Mustard, the Color of Millennial Candidates, Problematic Lattes, and Aboriginal Paintings

PHOTO: SUZANNE CORDEIRO/AFP/GETTY IMAGES.

Late last year, I found myself in a meeting with three other women, and we were all dressed identically. Blue jeans of various washes, clumpy, Chelsea-style black boots with pull-on tabs, parkas (shed over the backs of our chairs), and mustard yellow sweaters. We noticed it and laughed. “This is the only kind of yellow I wear,” said a woman with wispy blonde hair. “It’s the only one that looks good on me.”

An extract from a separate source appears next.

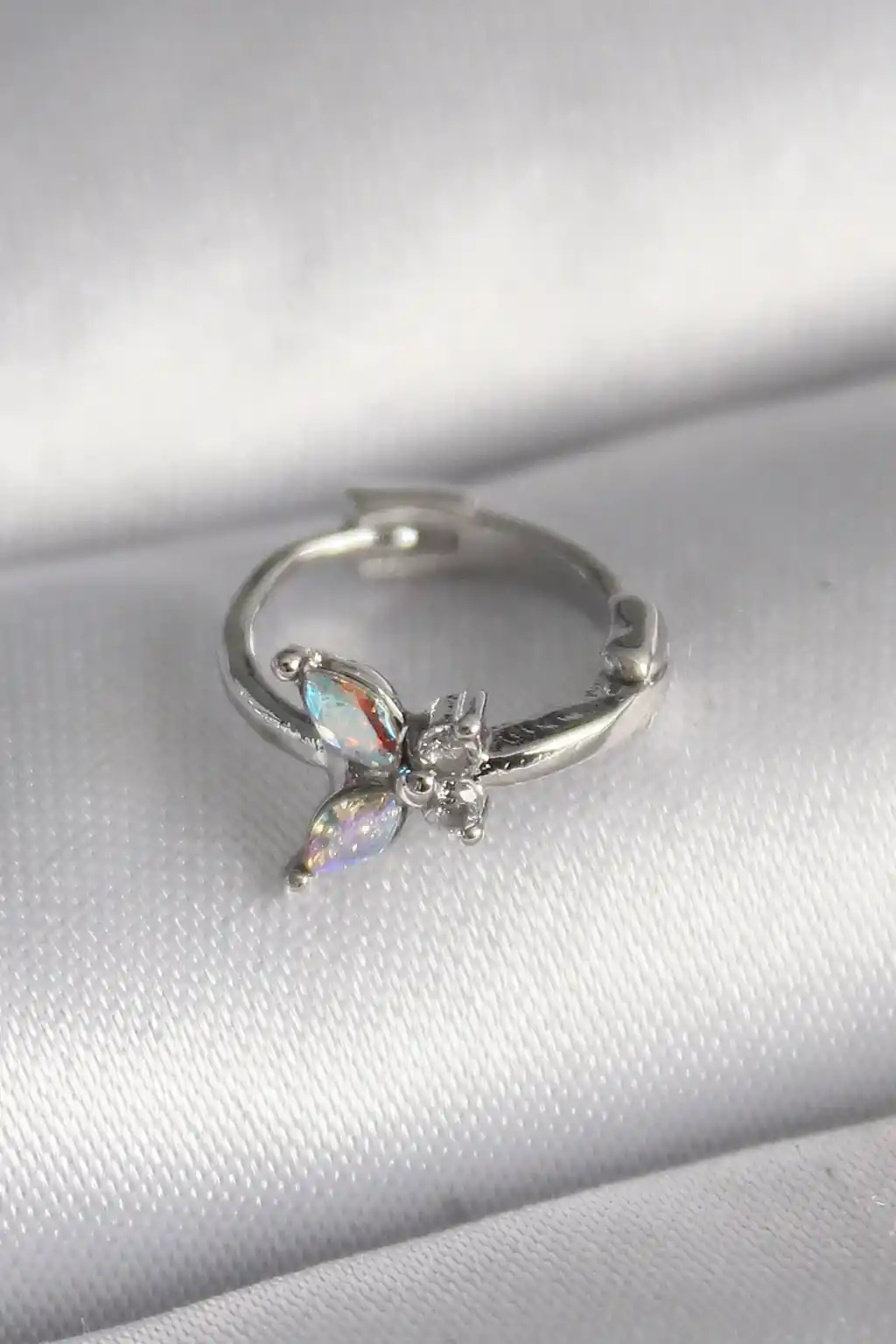 316L Çelik Gümüş Renk Zirkon Taşlı Kelebek Model Tragus Piercing

Is this brownish, orangey yellow universally flattering? Considering how many people I see wearing it, it must be. (Or perhaps we’ve decided, en masse, that what’s “flattering” no longer matters.) The mustard craze of the late 2010s appears to have started on runways and in boutiques, but it quickly made its way into home goods and other consumer products. You can buy mustard yellow midcentury modern couches from hip start-ups and mustard yellow lamps from high-end designers. There are condiment-colored cashmeres hanging off bespoke hangers in brick-and-mortar shops, and condiment-colored acrylic blends for sale online at Target. It’s become surprisingly ubiquitous—especially for a color that leans so far toward brown. This isn’t a primary, playful, dandelion-bright yellow. It isn’t the color of daffodils or spring or blooms. It’s too murky for that. This is the color of late-summer allergies, well-stocked pantries, and hashtag-adulting. It’s the color of pest-deterring marigolds and over-tall crops. It’s a harvest color, one that normally shows up later in the year, when the grasses have begun to dry and wild turkeys have begun to roam into the road. But this year, instead of waiting for its season to return, mustard hung around. It stuck around through winter and now, when pastels and florals typically get their turn, that mustard stain remains.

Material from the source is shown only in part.